Los ciudadanos que somos partidarios de la política no sentimos incomodidad cuando los políticos discuten y proponen un acuerdo posible. En el marco político de Andalucía, el Partido Andalucista es un defensor apasionado de que figure el concepto de nación en el preámbulo del Estatuto. El otro partido nacionalista, el Partido Popular, sólo desea que los valores espirituales de la nación se apliquen a España. La idea de realidad nacional surgió de la voluntad de consenso, un territorio intermedio preocupado por contentar a todas las opciones. No está mal, y se trata, además, de una fórmula que puede adquirir sentido con su mediana timidez en los debates de la política española. Algunas comunidades necesitan diferenciarse del resto del Estado, mientras que otras no están dispuestas, como resulta lógico, a que un valor sentimental se transforme en coartada jurídica para privilegios económicos. La fórmula realidad nacional puede ayudar a que unos ciudadanos se sientan históricamente diferenciados, proclamándose nación, y otros no tengan que renunciar a la igualdad de derechos propios de cualquier Estado democrático.

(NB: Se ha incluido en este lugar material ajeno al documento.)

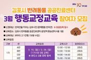 [경기뉴스원/경기뉴스1] | 김포시는 반려동물 공공진료센터 연계 프로그램인 ‘반려견 행동교정교육’ 제1기 참여자를 모집한다고 밝혔다. 해당 교육은 반려견의 문제행동을 개선하고 이웃과 상생하는 건강한 반려문화를 조성하기 위해 지난해부터 운영해 온 프로그램이다. 시민들의 높은 관심과 호응에 힘입어 올해 보다 체계적이고 내실 있는 교육과 맞춤형 지도를 이어갈 예정이며, 교육은 연간 총6기, 12회(기수당 2회)로 나뉘어 운영될 계획이다. 1기 교육은 3월 15일, 3월 29일 총2회에 걸쳐 진행된다. 1회차는 실내교육으로 가정에서 나타나는 습관적 문제행동의 원인을 분석하고 맞춤 교정훈련을 실시하며, 2회차는 실외교육으로 1회차 훈련 행동 점검 및 산책 방법, 사회화 교육을 중심으로 운영할 계획이다. 특히 이번 교육은 '개는 훌륭하다', '동물농장' 등 다수 프로그램에서 반려견 행동 교정을 지도해 온 ‘권혁필 행동교정사’와 함께한다. 반려견의 습관적 행동의 원인을 면밀히 분석해 생활 습관은 물론 양육 환경까지 개선할 수 있도록 2:1 맞춤형으로 진행된다. 반려견의 행동 교정이 필요한 김포시민이라면 누구나

A mí personalmente me gusta más la flexibilidad material de la realidad que el rigor vaporoso de la nación, con sus verdades infranqueables fundadas en la leyenda romántica. Todas las sociedades son históricas, y no porque dependan de unos orígenes incontaminados en el pozo sin fondo de los siglos, sino porque se fundan y se transforman en la Historia. A la política corresponde dar respuesta legal a las situaciones de cada realidad. La de mi ciudad, Granada, no responde hoy al espíritu del imperio romano, ni a la media luna árabe, ni al catolicismo triunfante castellano, ni a la España de Franco, sino a un país democrático que hace 30 años decidió dotarse de Comunidades Autónomas con fábricas de raíces, es decir, con canales de televisión y competencias educativas. No me parece por tanto muy descabellada la timidez intermedia y dialogante de una realidad nacional. ¿Mi identidad? La que se considere conveniente. Yo me encargo de mi conciencia, que también es una realidad histórica.
Luis García Montero es catedrático de Literatura en la Universidad de Granada y Premio Nacional de Poesía.